## Exercise requirements
Write back every line of the listing exactly, excluding images.

━━ Collected data

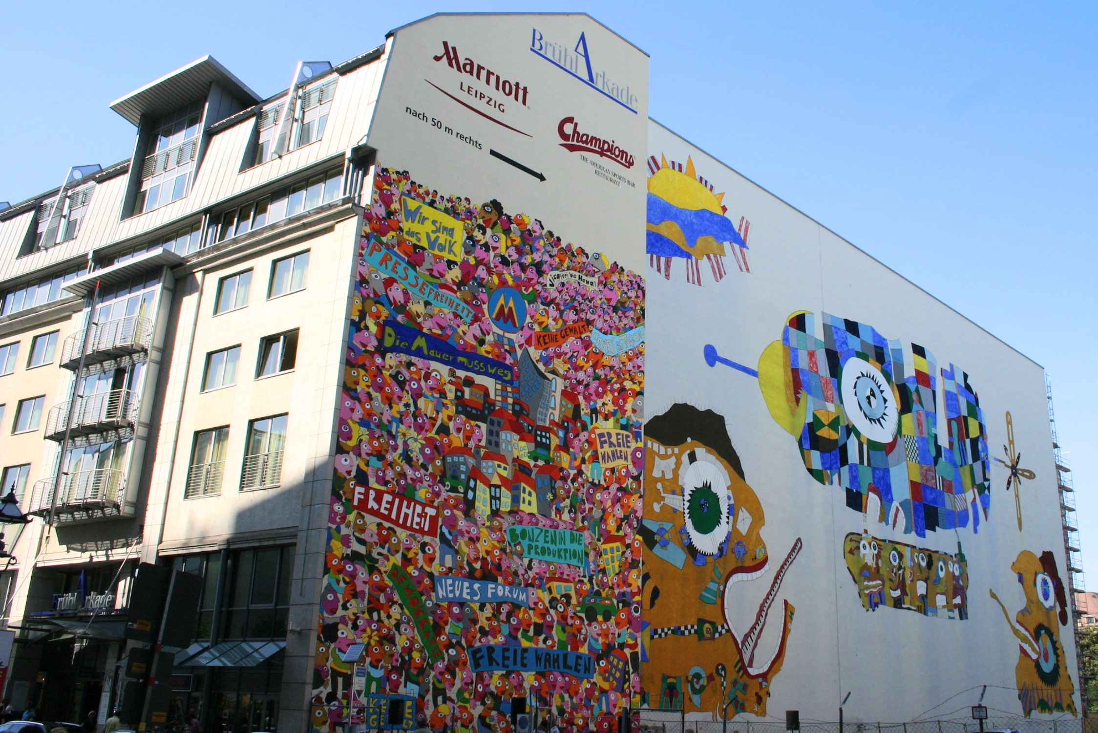 Das Wandgemälde wurde 2009 anlässlich des 20. Jahrestags des Mauerfalls geschaffen – als farbenfrohes und unübersehbares Zeichen für Demokratie, Frieden und Freiheit. Über 15 Jahre lang war es ein markanter Bestandteil des Leipziger Stadtbilds und eine schon vom Hauptbahnhof aus sichtbare Erinnerung an die Friedliche Revolution.
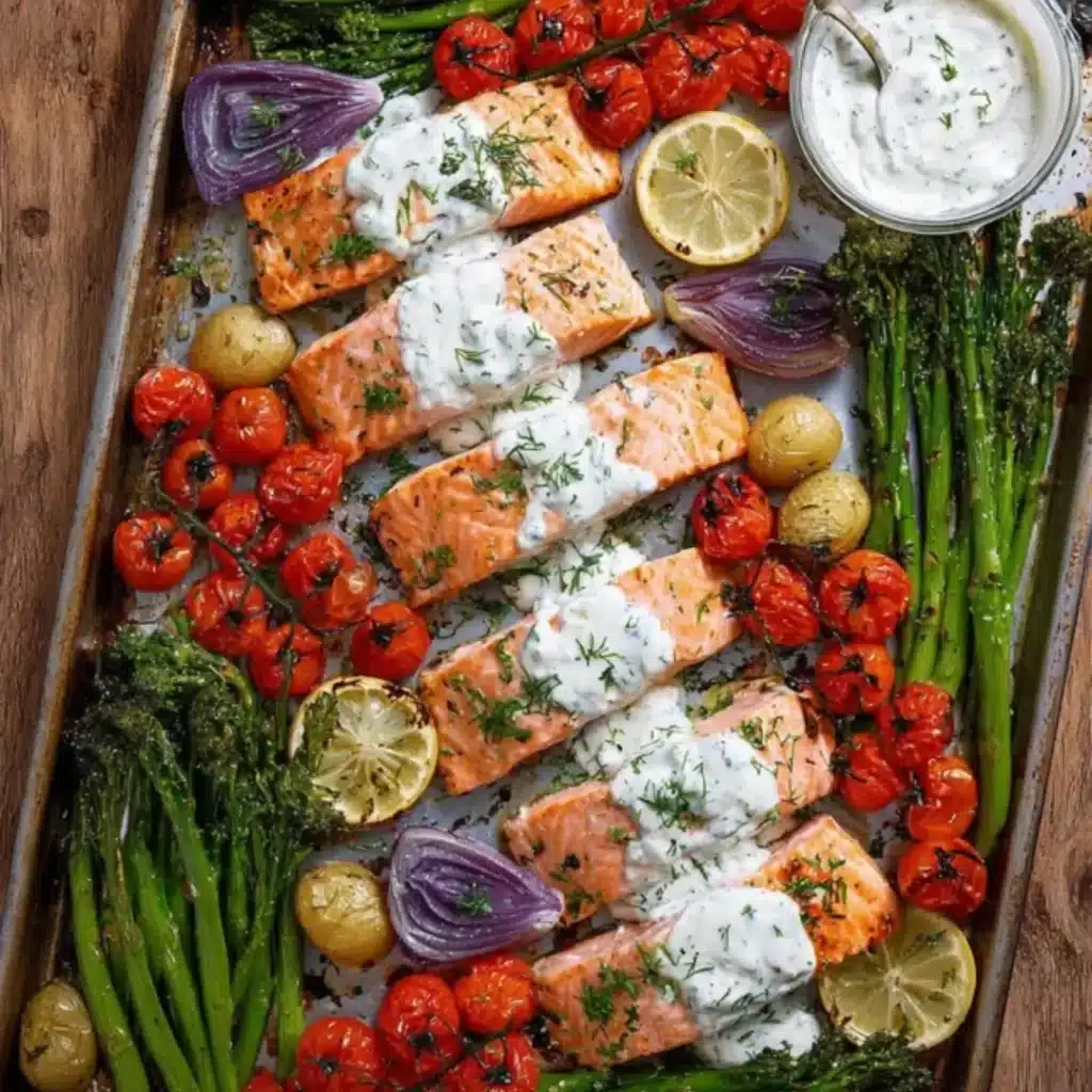 Sheet Pan Salmon with Roasted Vegetables and Creamy Feta Sauce
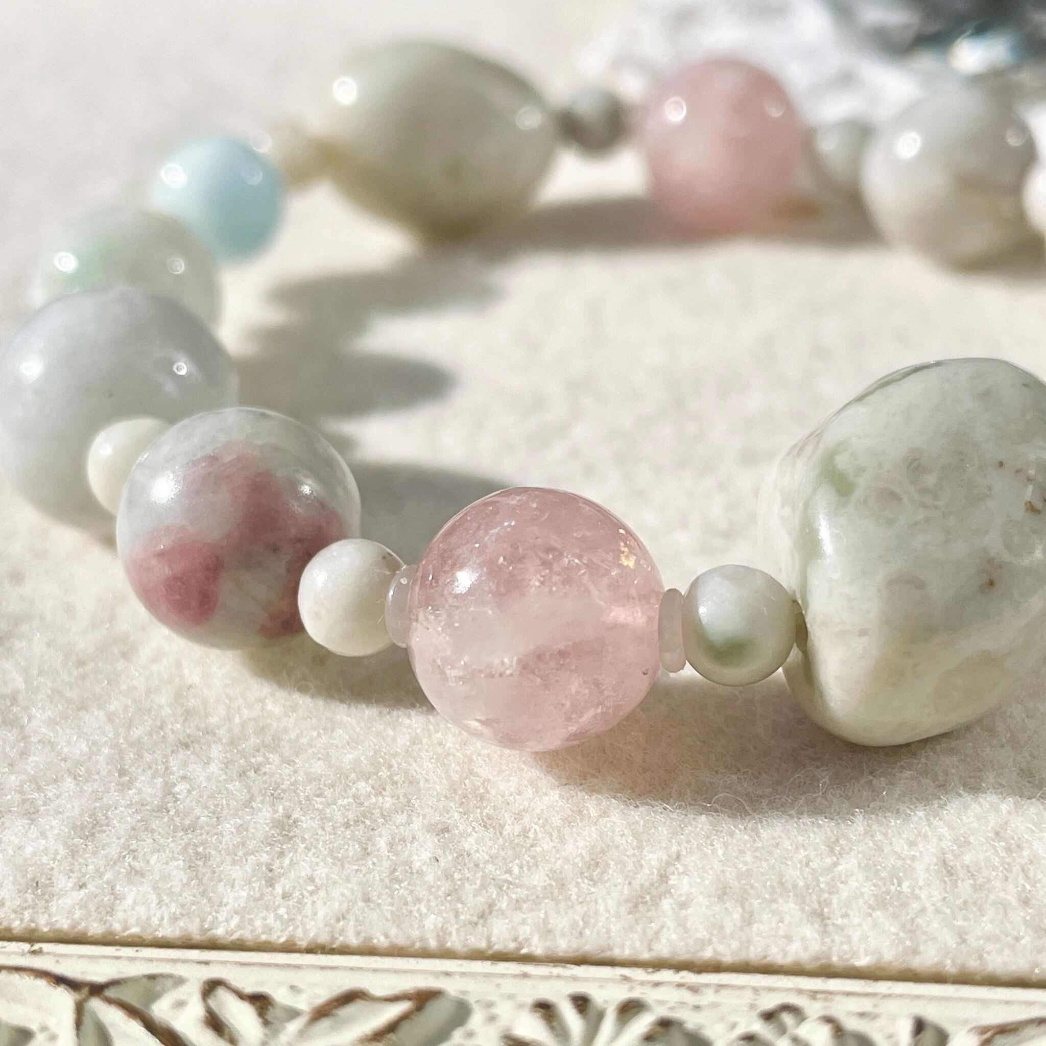 石の意味としては、固定観念やストレスなどの圧力からの解放というニュアンスを持ち、緑色の石の癒しの効果を重ね持つと思われます。

━━━━

## Response area
 Das Wandgemälde wurde 2009 anlässlich des 20. Jahrestags des Mauerfalls geschaffen – als farbenfrohes und unübersehbares Zeichen für Demokratie, Frieden und Freiheit. Über 15 Jahre lang war es ein markanter Bestandteil des Leipziger Stadtbilds und eine schon vom Hauptbahnhof aus sichtbare Erinnerung an die Friedliche Revolution.
 Sheet Pan Salmon with Roasted Vegetables and Creamy Feta Sauce
 石の意味としては、固定観念やストレスなどの圧力からの解放というニュアンスを持ち、緑色の石の癒しの効果を重ね持つと思われます。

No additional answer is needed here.